Group sets consistent watch schedule, avoids spoilers on episode watch milestones, and adjusts the watch schedule under consensus when they can’t make a milestone.

Flow1 Flow2

Architectural Design

The design of our system can be broken into four subcomponents: the React frontend, the NodeJS and Express backend web server, our MongoDB database, and the messaging technology. We chose React for our frontend to make our design work easier, since our website is simple with key components that get updated with new information over time. React is a great way to model the flow of this information, and it is a language that everyone in our group has experience with. We chose NodeJS for our backend due to familiarity with it, as well as simplifying our code base to be majority JavaScript. Also, its integration with MongoDB is notably simple, which is important since MongoDB’s use of NoSQL allows the database to support arrays in table entries. This along with simple interaction with Express on our backend helps streamline our technical stack.

Design

This model relates each of these four pieces of our system. At the core of our application is the ability to communicate to others, and this messaging is abstracted away by Stream. Because it stores all of the data relating to messaging, the frontend components interact directly with Stream and do not need to pass through the backend when sending and receiving messages. However, we need the frontend to authenticate with Stream as a specific user, which requires a user token. This will be stored within our own database and provided to the frontend when a user logs in and is authenticated with our system, allowing them to begin messaging. We also need the functionality for a user to put in a request for a new group, creating what we call a “pending request”. Once enough pending requests are made to form a new group, we will create a new group with those members assigned on the backend. Additionally, we want to keep track of groups to store some additional information beyond what is stored by Stream, such as the current show being watched, so we integrated this into the model. We also want to curate the list of shows to begin with, so we plan to have a table that keeps track of those and an endpoint to fetch those when a user is browsing.

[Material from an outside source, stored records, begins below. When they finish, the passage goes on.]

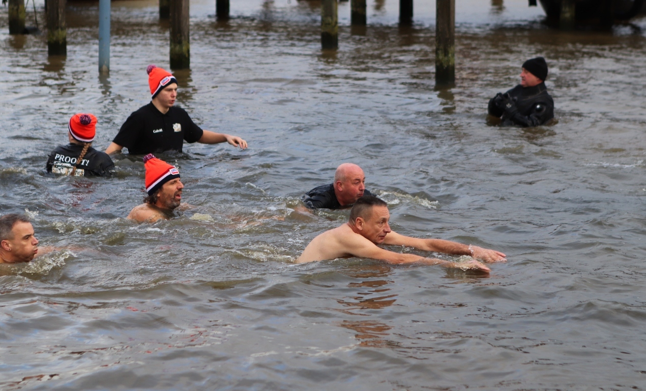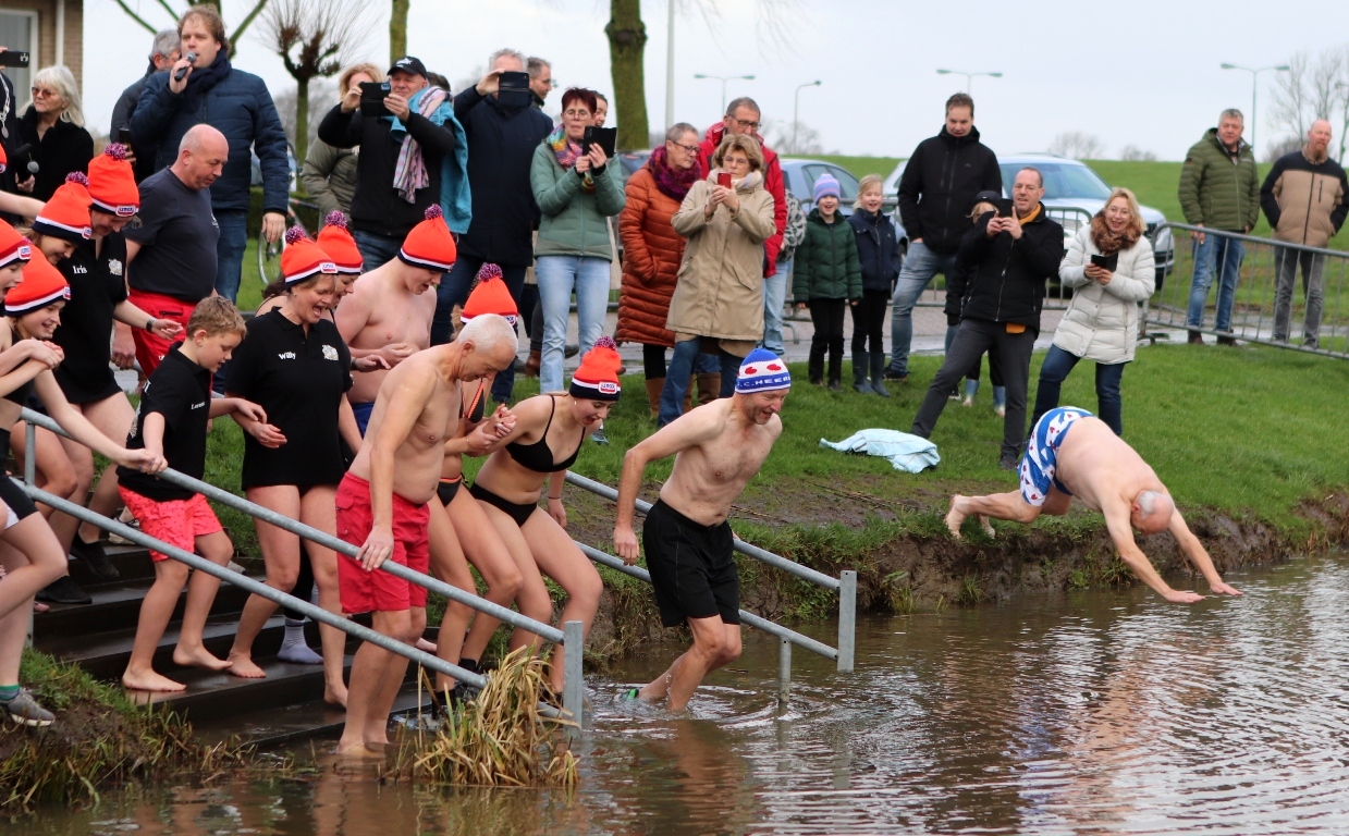 BURUM – De Nieuwjaarsduik in Burum vond in haven ‘De Dwinger’ aan de Meerpaal plaats. Het startschot werd gelost door burgemeester Johannes Kramer, die hiervoor zijn medewerking spontaan had toegezegd. Het was hem vorig jaar zo goed bevallen, dat hij wederom graag dit bijzondere gebeuren in Burum weer wilde meemaken.
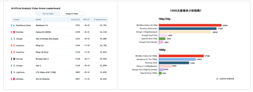 在国际权威测评榜单Artificial Analysis视频竞技场中,Hailuo-02一经发布便迅速拿下全球第二的宝座,领先于Google Veo3和快手可灵(Kling)。
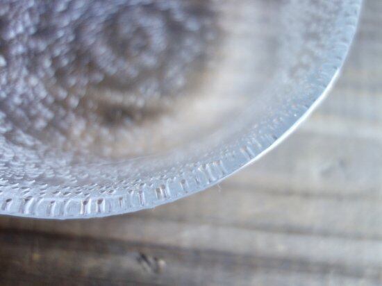 微細な擦れなど薄っすら僅かに感じる程度で、目立つ擦れ、キズ、汚れなど見当たらず、欠けや割れなど見られないことから、時を刻んで来たガラスの器として概ね良好な状態と言えます。※ガラス製品特有のゆらぎ、シワやスジ、加工時の小さな気泡やキズ、粒模様の個体差など出ている可能性はございます。
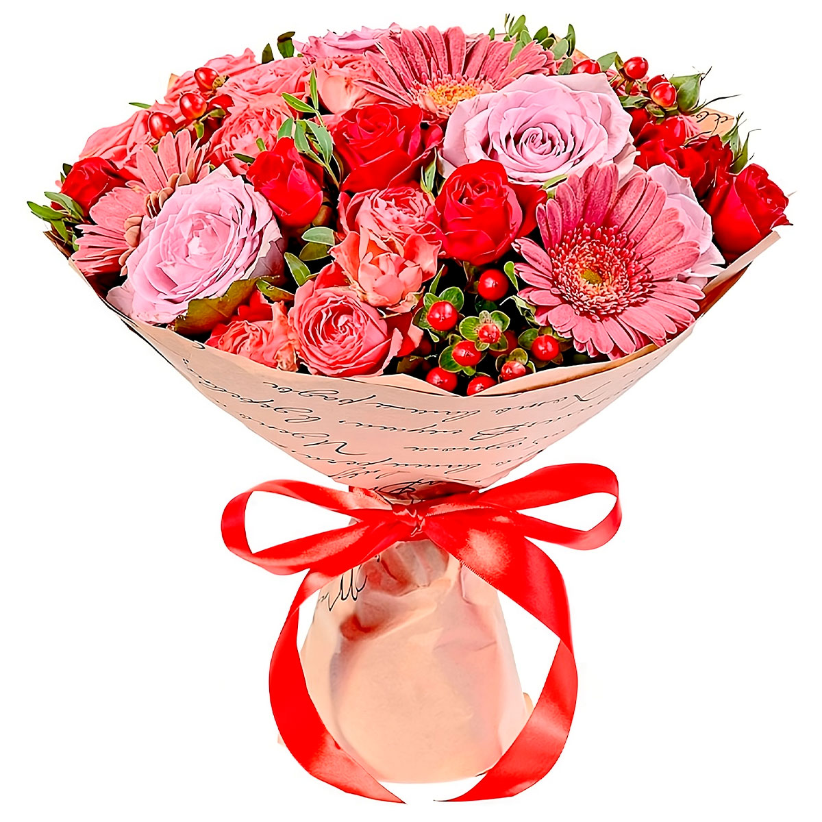 Роза одноголовая красная, роза пионовидная розовая, гербера розовая, гиперикум, фисташка. Упаковка (лента, пленка, крафт, сетка, пленка матовая)

How does this enable our storyboard and requirements?

The architecture of the web application is designed to fulfill the primary functional, technical, and usability requirements we set forth. The four subcomponents come together to create a web application that is easy to use and provides numerous functionalities to our users.

Johnny, the main character in both our storyboards, can sign up as a user on our application. He can use any device and browser to sign up or access his account. Here, he can create a watch party request by specifying his preference of TV Show(s) and cadence of watching. The application will soon group him with users of similar preference where they can discuss, decide, and set a TV show based on consensus. Watching and discussing shows over time by the episode on a specific schedule will help him foster friendships with other users. The group can also set a new show and cadence they’re watching if they decide to. Johnny can also invite his friends to a watch group. The classmates can’t edit the schedule because of an upcoming deadline as the schedule change voting system was our secondary target, so our current architecture fulfills our priority of forming matched watch groups for discussions. Johnny and his classmates can grow their friendship by discussing their favorite shows on a fixed schedule using chat and media through the web application.